**Stored dataset items**
-------

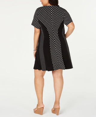 Vestido feminino Michael Kors Plus Size com estampa de bolinhas, elástico, ajuste evasê, preto, tamanho 1X
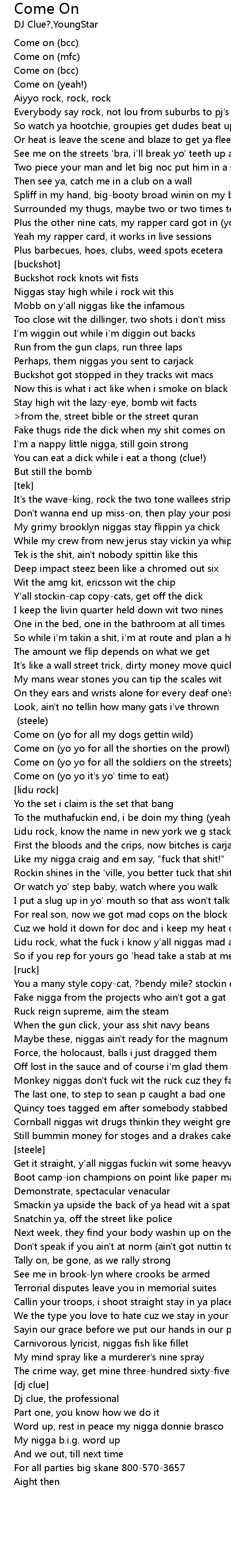 | Come on (yo yo for all the soldiers on the streets) | |
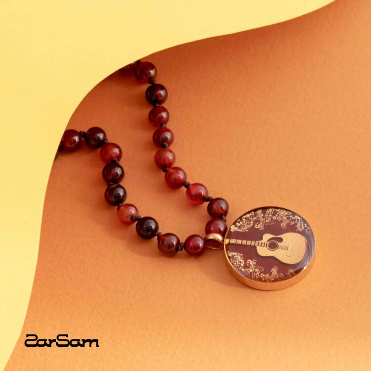 گردنبند زنانه گیتار با ورق طلا و سنگ سری مانی کلاسیک
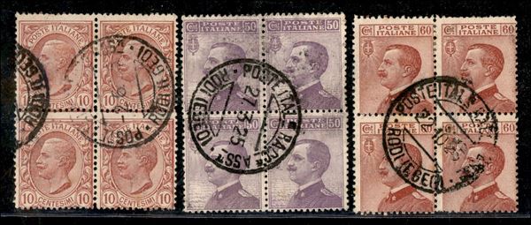 3 valori in quartine (82 + 85 + 111 - Regno) usate a Rodi nel 1925
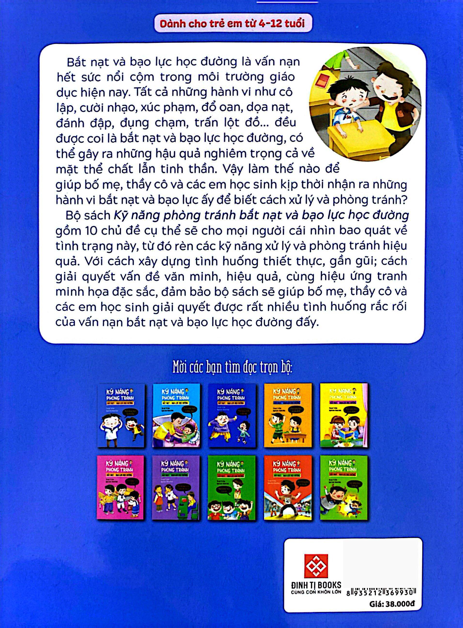 Ngay từ hôm nay, bố mẹ hãy trang bị cho con những kiến thức và kỹ năng cần thiết để phòng tránh vấn nạn học đường này với bộ sách: Kỹ năng phòng tránh bắt nạt và bạo lực học đường.
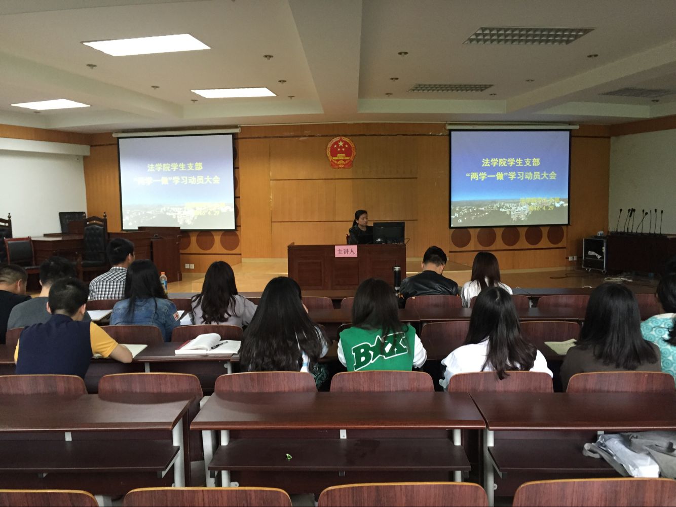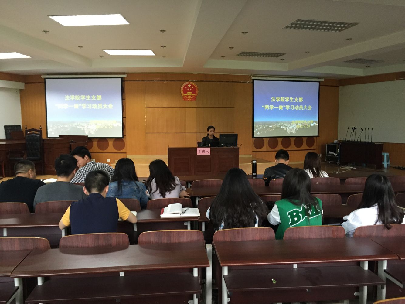 为践行中共中央《关于在全体党员中开展“学党章党规、学系列讲话,做合格党员”学习教育方案》精神,4月27日,法学院员工支部在模拟法庭召开了全体党员 “两学一做”学习动员大会。
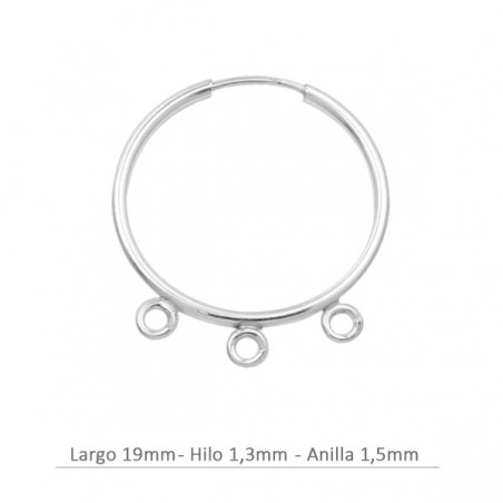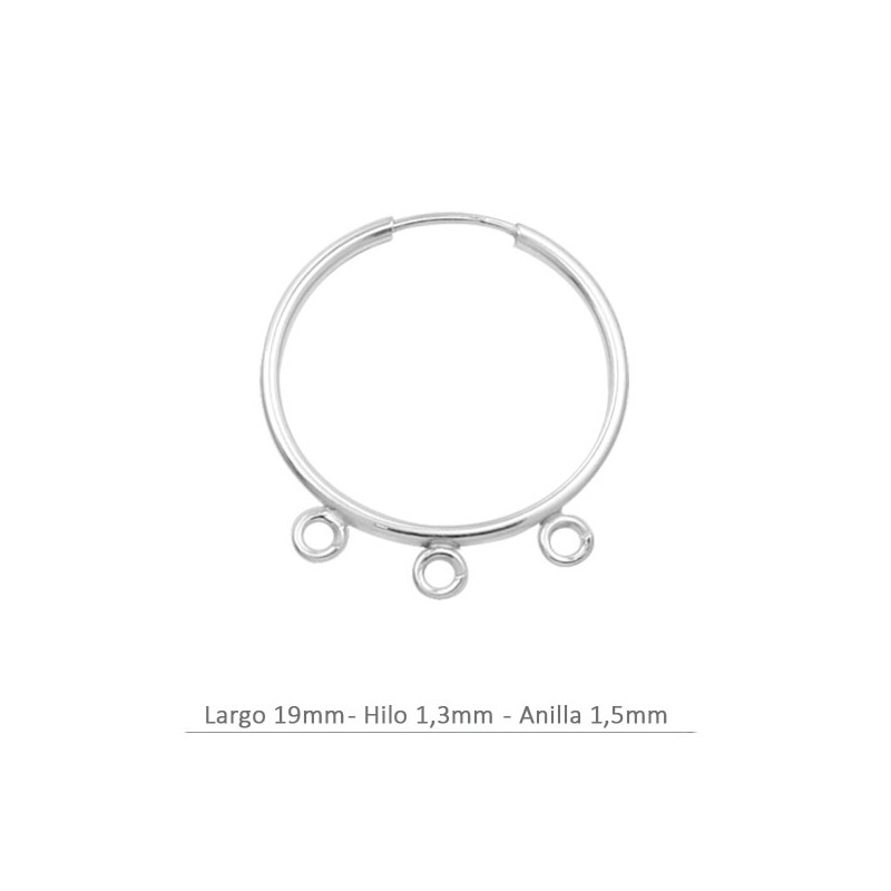 Pendiente criolla nº3 con 3 anillas, en plata de ley. La bolsa contiene 2 unidades y el diámetro interior es de 15,5 mm.
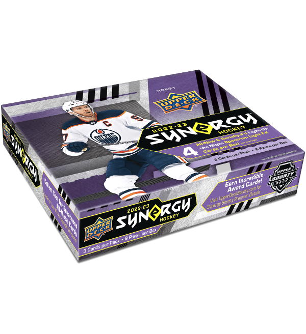 Hobby Box de 8 pochettes de la collection "Upper Deck NHL 2022-23 Hockey - Synergy" Trading Cards. Chaque pochette contient 3 cartes, cela fait un total de 24 cartes.
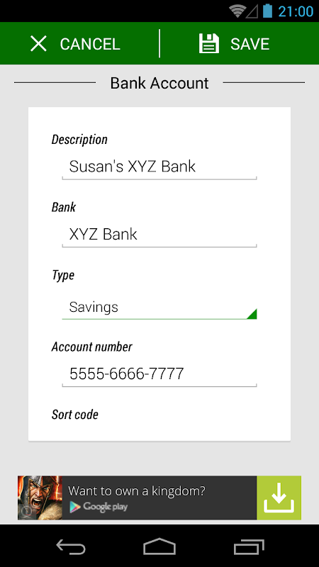 Password Manager allows you to export your data to the SD card so you can keep a copy handy. Furthermore, this exported data can be password protected to prevent unauthorized access to your data.
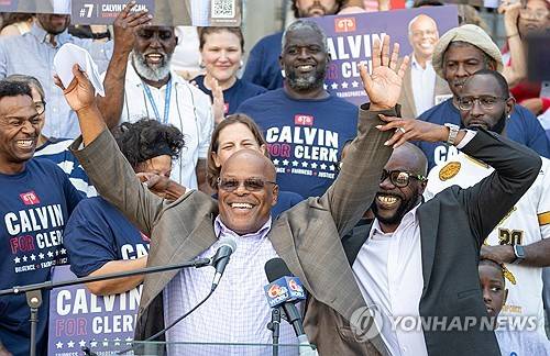 FILE - Calvin Duncan, center, stands with supporters on the steps of Orleans Parish Criminal Court to speak about his ambitions to be the next Clerk of Court, Oct. 2, 2025. (Chris Granger/The Times-Picayune/The New Orleans Advocate via AP, File) FILE PHOTO, MANDATORY CREDIT; LOUISIANA BUSINESS INC. OUT (INCLUDING GREATER BATON ROUGE BUSINESS REPORT, 225, 10/12, INREGISTER, LBI CUSTOM); NO LICENSING EXCEPT BY AP COOPERATIVE MEMBERS
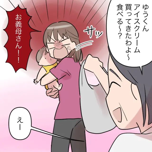 「ゆうくん、アイスクリーム買ってきたわよ~!食べる~?」と言いながら笑顔でアイスが入った袋を差し出してくる義母。私は「お義母さん!!」と叫んで慌ててゆうを抱き上げます。はぁ・・やっぱり義母は全く懲りていないようです。これからも私が義母からゆうを守り続けます!
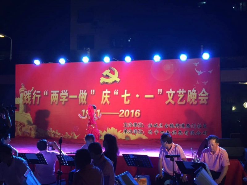 為紀念中國共產(chǎn)黨成立95周年,進一步激發(fā)基層黨組織活力,促進和諧社企建設,展示社區(qū)濃厚的文化氛圍和企業(yè)關愛民生的責任擔當,由任城區(qū)古槐街道西門社區(qū)主辦,濟寧四和供熱有限公司承辦的“踐行‘兩學一做’慶‘七·一’”主題文藝晚會在光明健身廣場隆重舉行,四和供熱公司演職人員同廣大黨員群眾一起載歌載舞共迎黨的生日。
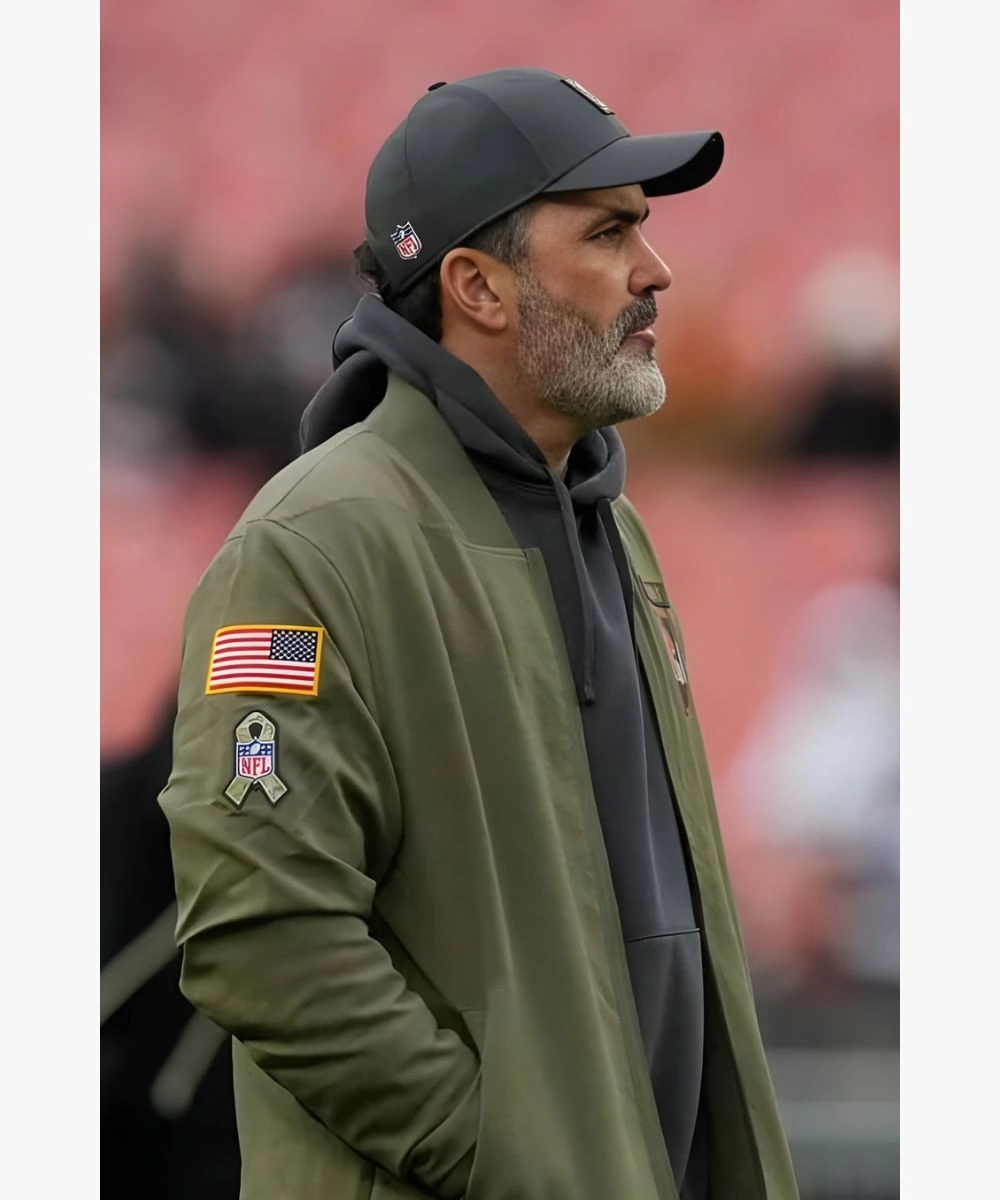 American Football Coach Kevin Stefanski Cleveland Browns 2025 Salute to Service Bomber Jacket – Olive Green

-------

**What you should do**
Retype all of the entries exactly as written, leaving out any images.

**Answer for this exercise**
 Vestido feminino Michael Kors Plus Size com estampa de bolinhas, elástico, ajuste evasê, preto, tamanho 1X
 | Come on (yo yo for all the soldiers on the streets) | |
 گردنبند زنانه گیتار با ورق طلا و سنگ سری مانی کلاسیک
 3 valori in quartine (82 + 85 + 111 - Regno) usate a Rodi nel 1925
 Ngay từ hôm nay, bố mẹ hãy trang bị cho con những kiến thức và kỹ năng cần thiết để phòng tránh vấn nạn học đường này với bộ sách: Kỹ năng phòng tránh bắt nạt và bạo lực học đường.
 为践行中共中央《关于在全体党员中开展“学党章党规、学系列讲话,做合格党员”学习教育方案》精神,4月27日,法学院员工支部在模拟法庭召开了全体党员 “两学一做”学习动员大会。
 Pendiente criolla nº3 con 3 anillas, en plata de ley. La bolsa contiene 2 unidades y el diámetro interior es de 15,5 mm.
 Hobby Box de 8 pochettes de la collection "Upper Deck NHL 2022-23 Hockey - Synergy" Trading Cards. Chaque pochette contient 3 cartes, cela fait un total de 24 cartes.
 Password Manager allows you to export your data to the SD card so you can keep a copy handy. Furthermore, this exported data can be password protected to prevent unauthorized access to your data.
 FILE - Calvin Duncan, center, stands with supporters on the steps of Orleans Parish Criminal Court to speak about his ambitions to be the next Clerk of Court, Oct. 2, 2025. (Chris Granger/The Times-Picayune/The New Orleans Advocate via AP, File) FILE PHOTO, MANDATORY CREDIT; LOUISIANA BUSINESS INC. OUT (INCLUDING GREATER BATON ROUGE BUSINESS REPORT, 225, 10/12, INREGISTER, LBI CUSTOM); NO LICENSING EXCEPT BY AP COOPERATIVE MEMBERS
 「ゆうくん、アイスクリーム買ってきたわよ~!食べる~?」と言いながら笑顔でアイスが入った袋を差し出してくる義母。私は「お義母さん!!」と叫んで慌ててゆうを抱き上げます。はぁ・・やっぱり義母は全く懲りていないようです。これからも私が義母からゆうを守り続けます!
 為紀念中國共產(chǎn)黨成立95周年,進一步激發(fā)基層黨組織活力,促進和諧社企建設,展示社區(qū)濃厚的文化氛圍和企業(yè)關愛民生的責任擔當,由任城區(qū)古槐街道西門社區(qū)主辦,濟寧四和供熱有限公司承辦的“踐行‘兩學一做’慶‘七·一’”主題文藝晚會在光明健身廣場隆重舉行,四和供熱公司演職人員同廣大黨員群眾一起載歌載舞共迎黨的生日。
 American Football Coach Kevin Stefanski Cleveland Browns 2025 Salute to Service Bomber Jacket – Olive Green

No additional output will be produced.